Laser-scanning confocal microscope
Chondrocytes were fixed in 4% paraformaldehyde after harvesting. For staining of the endogenous LC-3B proteins, the cells were incubated with anti-LC-3B antibody (dilution, 1:200) followed by Cy3-conjugated secondary antibody (Merck KGaA) as described previously (18). The cells were stained with 50 mg/ml 4′,6-diamidino-2-phenylindole (Sigma-Aldrich; Merck KGaA) to visualize the nuclei simultaneously at room temperature for 5 min (18). The stained cells were finally visualized under a confocal microscope (Leica TCS SP2 SE; Leica Microsystems GmbH, Wetzlar, Germany).
Statistical analysis
Experimental data were formulated as the means ± standard error of the mean of three independent samples. Statistical analyses were performed with GraphPad Prism 5 software (GraphPad Software, Inc., La Jolla, CA, USA), using one-way ANOVA. P<0.05 was considered to indicate a statistically significant difference.
Results
Effect of different concentrations of serum on cell proliferation and ECM synthesis in human OA chondrocytes
To investigate the effect of serum on OA chondrocyte proliferation, cultured human OA chondrocytes were starved for 24 h and treated with different concentrations of serum (1, 5, 10 and 20%) for 24 h. The cell viability was measured using a CCK8 assay. Fig. 1A indicates that chondrocyte viability significantly increased in 5 and 20% serum-treated groups without any alteration observed in the other groups (P<0.05 vs. the serum-free group). Proliferation cell nuclear antigen (PCNA), Bcl-2 and S6 are predominant biomarkers of cell proliferation, and their expression levels were detected by western blotting. PCNA, Bcl-2 p-S6 expression levels increased in the 5% serum-treated group (Fig. 1B; P<0.05 vs. the serum-free group). 1, 10 or 20% serum led to increased Bcl-2 and p-S6 expression levels (Fig. 1B, P<0.05 vs. the serum-free group). In addition, the expression levels of the predominant components of the ECM, aggrecan and Col 2, were detected by western blotting analysis. The 5% serum simultaneously enhanced aggrecan and Col 2 expression levels in the human OA chondrocytes (Fig. 1C; P<0.05 vs. the serum-free group). The 10% serum only enhanced the expression level of Col 2 (Fig. 1C; P<0.05 vs. the serum-free group). Consequently, only 5% serum simultaneously significantly enhanced cell viability along with the increase in PCNA, Bcl-2 and p-S6 expression levels in human OA chondrocytes, and promoted ECM synthesis via the increase of aggrecan and Col 2 expression levels in human OA chondrocytes.
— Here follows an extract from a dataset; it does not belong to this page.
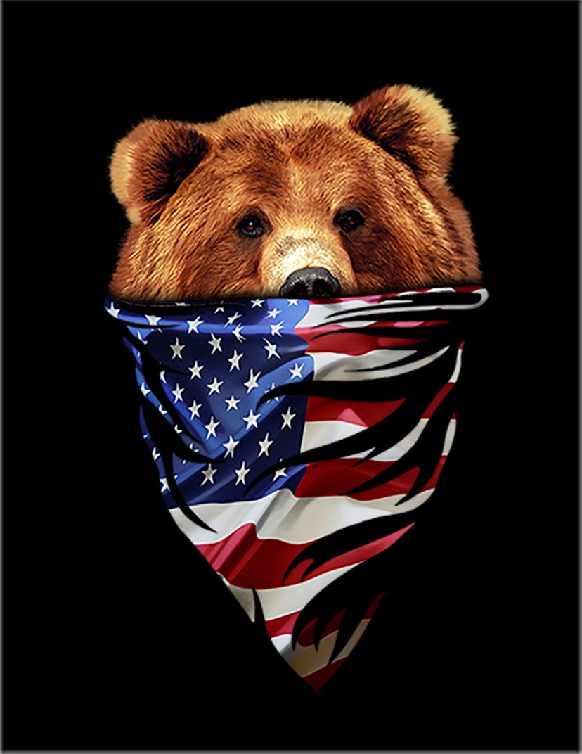 【グリズリーベア・熊・クマ・星条旗・アメリカ】ポストカード 黒背景

Effect of different concentrations of serum on autophagy in human OA chondrocytes
As autophagy is essential for survival, differentiation, development and homeostasis (1), the present study determined whether serum may regulate autophagy of OA chondrocytes. Cultured human OA chondrocytes were starved for 24 h and treated with different concentrations of serum (1, 5, 10 and 20%) for 4 h. These autophagy-associated markers, including LC-3B, Beclin 1 and AMPKα, were detected by western blotting. Fig. 2A demonstrated that LC-3B II, Beclin 1 and p-AMPKα expression levels increased in the 5% serum-treated group (P<0.05 vs. the serum-free group). The 1% serum led to increased LC-3B II and p-AMPKα expression levels. Additionally, the results of laser-scanning confocal microscopy demonstrated that the endogenous LC-3B expression level with anti-LC-3B antibody in 5% serum-treated OA chondrocytes was higher than the other concentration serum-treated groups, compared with the serum-free group (Fig. 2B). Overall, it was identified that only 5% serum could simultaneously enhance the expression levels of LC-3B, Beclin 1 and p-AMPKα in human OA chondrocytes.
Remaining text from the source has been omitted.